Amid public anger about plans to increase National Health Insurance (NHI) premiums, Department of Health (DOH) Minister Yeh Ching-chuan (葉金川) yesterday called a halt to the proposal, saying it had come at a bad time.
The proposed plan, known as the “1.5 Generation NHI Act,” would require individuals to pay a supplementary premium if they earn more than NT$180,000 (US$5,200) per year in non-salaried income. The Bureau of National Health Insurance said the plan would affect about 2.2 million people who earn large amounts of non-salary income from sources such as year-end bonuses, stocks, dividends, bank interest and rent.
At the end of last year, the health insurance fund suffered a deficit of NT$28 billion, a financial gap that would widen to NT$60 billion by the end of this year if the bureau does not do something about it, Bureau of National Health Insurance chief executive officer Chu Tzer-ming (朱澤民) said.
The bureau had hoped to increase the fund’s revenue by NT$44.4 billion per year under the proposed plan, which has been met with widespread criticism because of the global economic climate.

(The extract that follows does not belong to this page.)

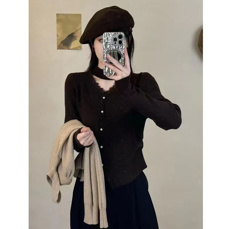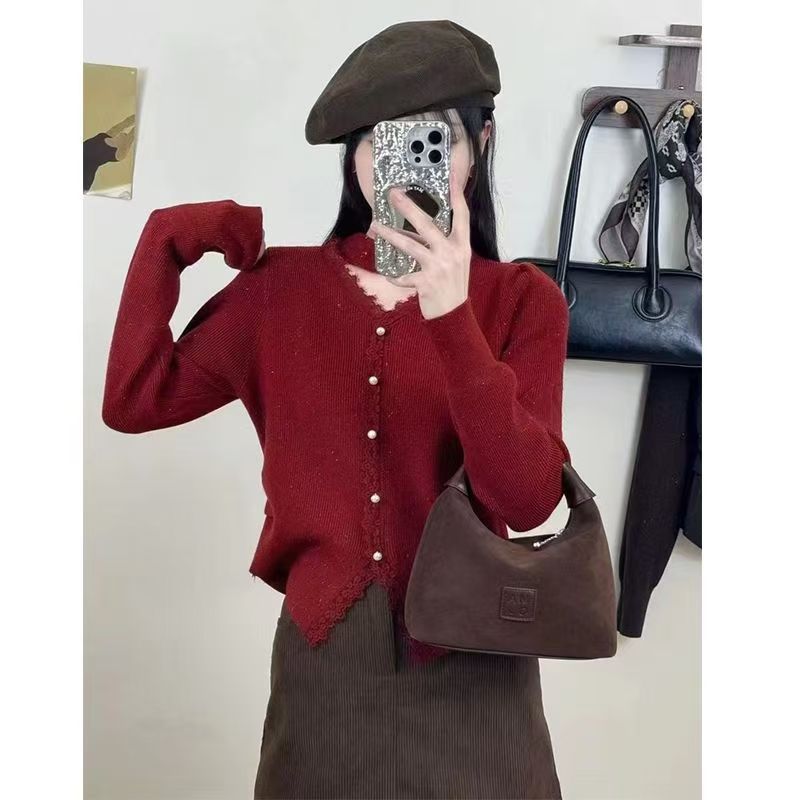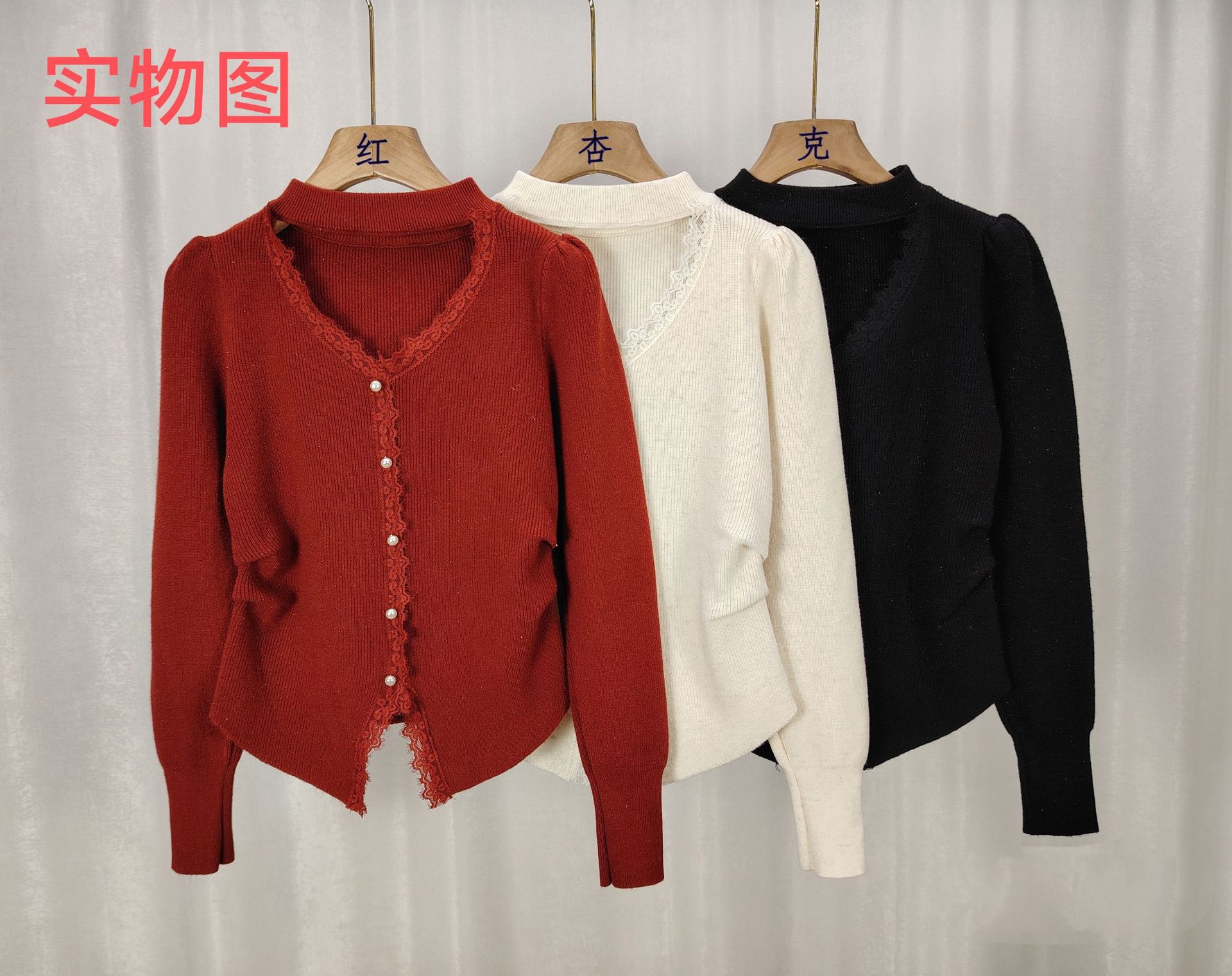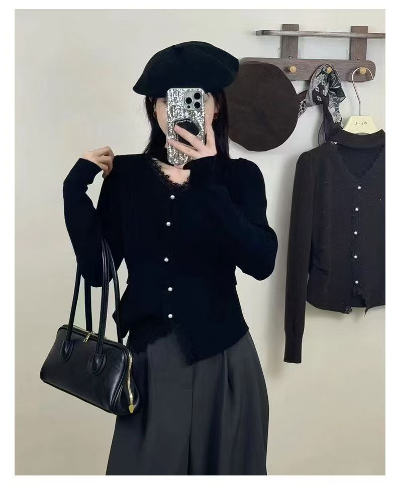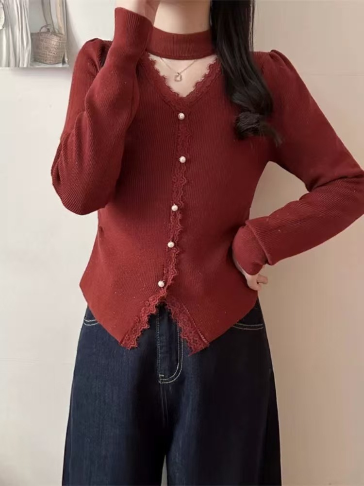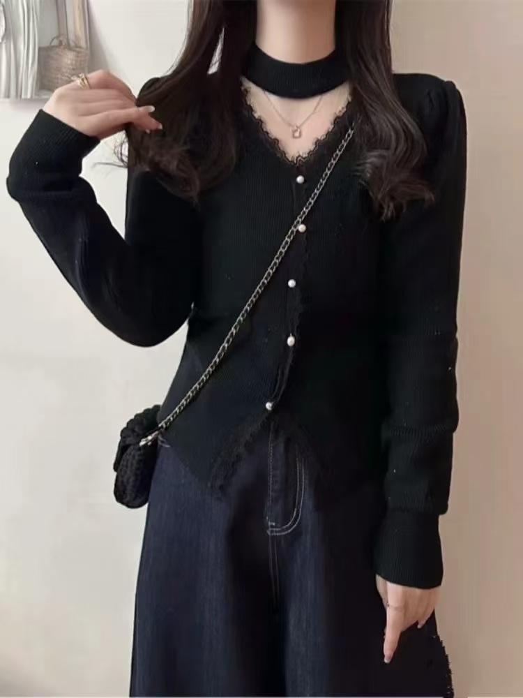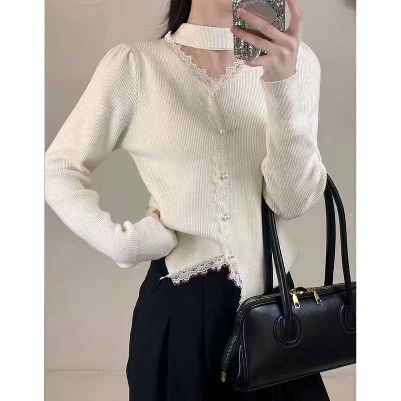 가을과 겨울 새로운 프랑스 스타일 부드러운 스타일 레이스 바느질 니트 스웨터 여성의 짧은 슬림 핏 올 매치 탑스토어 가기

Yeh told a press conference yesterday that the plan would not come into effect this year, as it was “bad timing” to talk about financing the fund with increased premiums while individuals and businesses are all feeling the pressure from the global economic downturn.
“Maybe by the latter half of this year the economy will improve and everyone will be in a better mood to talk about [the plan],” he said. “With the economy doing so poorly right now, everyone would object. Supplementary premiums are only one of the many ways we can fill the fund’s financial gap.”
One option would be to raise the tobacco health and welfare surcharge from the current NT$10 to NT$20 per pack of cigarettes. However, Yeh said this would only cut the fund’s deficit to NT$48 billion, which is still NT$8 billion more than his goal of NT$40 billion.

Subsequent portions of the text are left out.